Staff does make a big difference. Future Leaders of America employs a peer-to-peer model powered by its alumni staff, including the executive director, Eder Gaona-Macedo. Rising high school freshmen and sophomores attend the six-day FLA Youth Leadership Conference, a workshop in leadership skills, public speaking, self-esteem, assertiveness, and goal setting, all led by recent FLA alumni. “Essentially, students are the ones leading the presentations; they’re trained throughout the whole program so we’re able to meet our outcomes, but also, they know how to do it,” Gaona-Macedo says. FLA was originally founded as a “grassroots response to concerns about high incidence of destructive behaviors in Latino youth.” Gaona-Macedo graduated the program in 2003. “I had a blast when I was a student; I learned the importance of leadership, voicing your opinion, and really getting out there. I was the first in my family to go to college, and I got my masters from Columbia.” FLA has solid relationships within the social justice community, especially those surrounding immigrant rights.

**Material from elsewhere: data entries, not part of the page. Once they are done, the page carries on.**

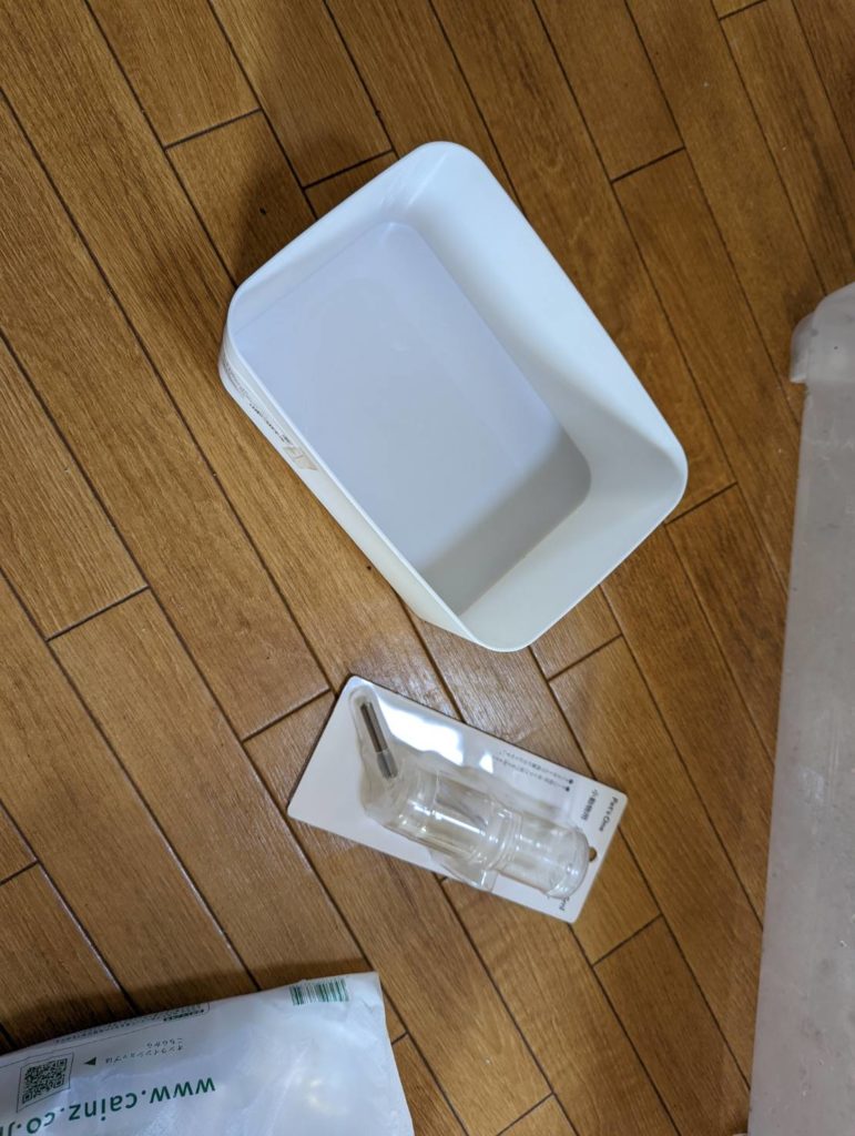 ハムスターが使っていた衣装ケースを取り出してイザ分けようと思ったら・・・飲み水の入れ物が無いww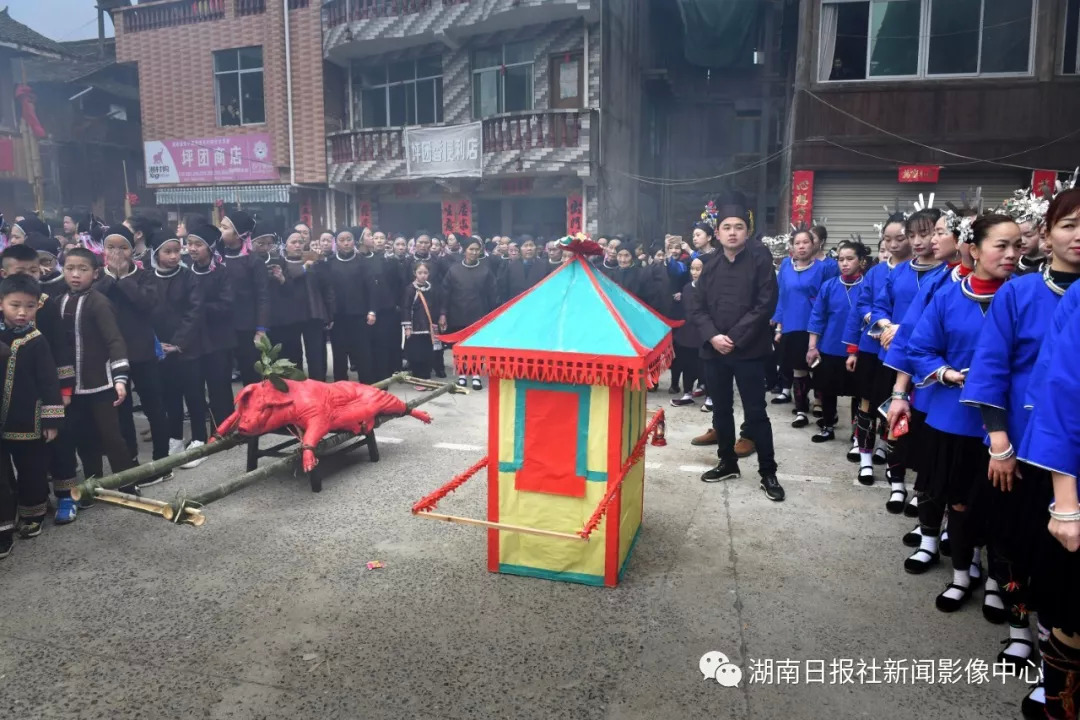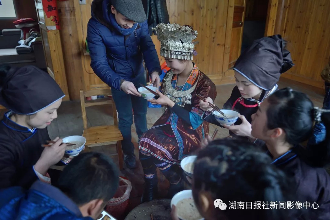 正月初五,中步村接亲节,男方家要前往女方家接亲,传承侗族古老朴实的婚俗。
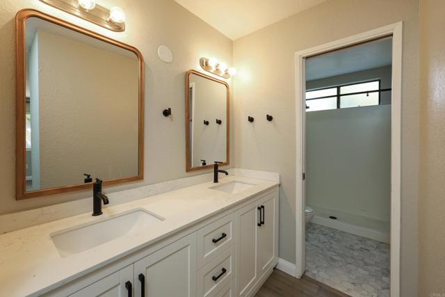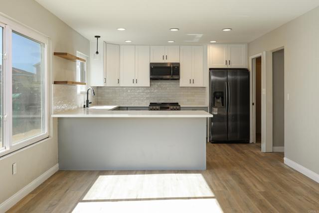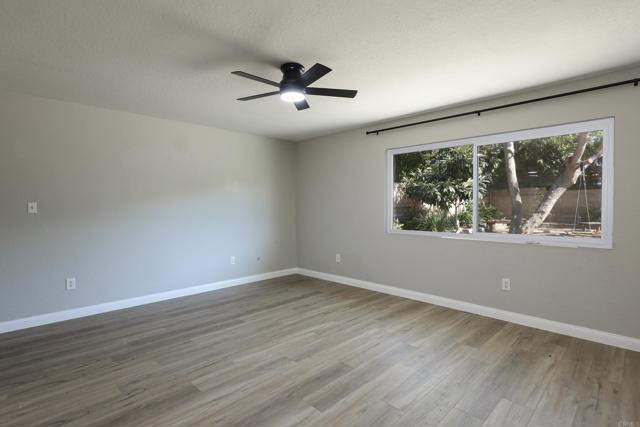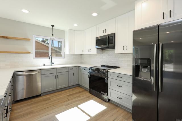 Recently updated single story home in the heart of Carlsbad! Situated on an oversized lot spanning almost 1/4 acre. New turf in the front yard. Modern garage door and newer exterior paint. A covered porch leads to your double front door entry. New vinyl floors throughout. No carpet! Charming brick fireplace in the living room and a large open living space - endless possibilities for furniture, lounging, play area and more. On the west side of the home, you have the kitchen which has been completely renovated with brand new soft close cabinetry, quartz countertops, a gorgeous tile backsplash, new dishwasher, new stove, and new light fixtures. The kitchen opens up to a sunny dining space with natural light beaming through the windows during the day. Dedicated laundry room with washer and dryer included. Epoxy floors in the garage with newer water heater. Attic storage with a stair pull down for easy accessibility. On the left side of the home, you have linen storage and cabinetry in your hallway, 2 sizable guest bedrooms and guest bathroom, and a large master suite. All bedrooms and the living room have newly installed ceiling fans. Updated bathroom fixtures. The property also has SOLAR! Huge savings on your power bill. Whole house fan for energy efficiency. Large flat backyard space - ideal for gardening, kids, and pets. Located just 15 minutes from the beaches and desirable attractions - Legoland, Flower Fields, The Village of Carlsbad. Top rated schools. Call today!

Each of these organizations, and many more in Santa Barbara County, are working tirelessly to provide specific services to the populations they’ve chosen to serve. But more importantly than that, they’re working together in Santa Barbara to give each child access, regardless of background, gender, age, or race, with the belief that opportunity is not a finite resource, but rather, an regenerative one. “We all have a passion for these kids,” Becca McNees, Co-Director of Royal Family Kids says. “Pretty amazing people come together to do this.”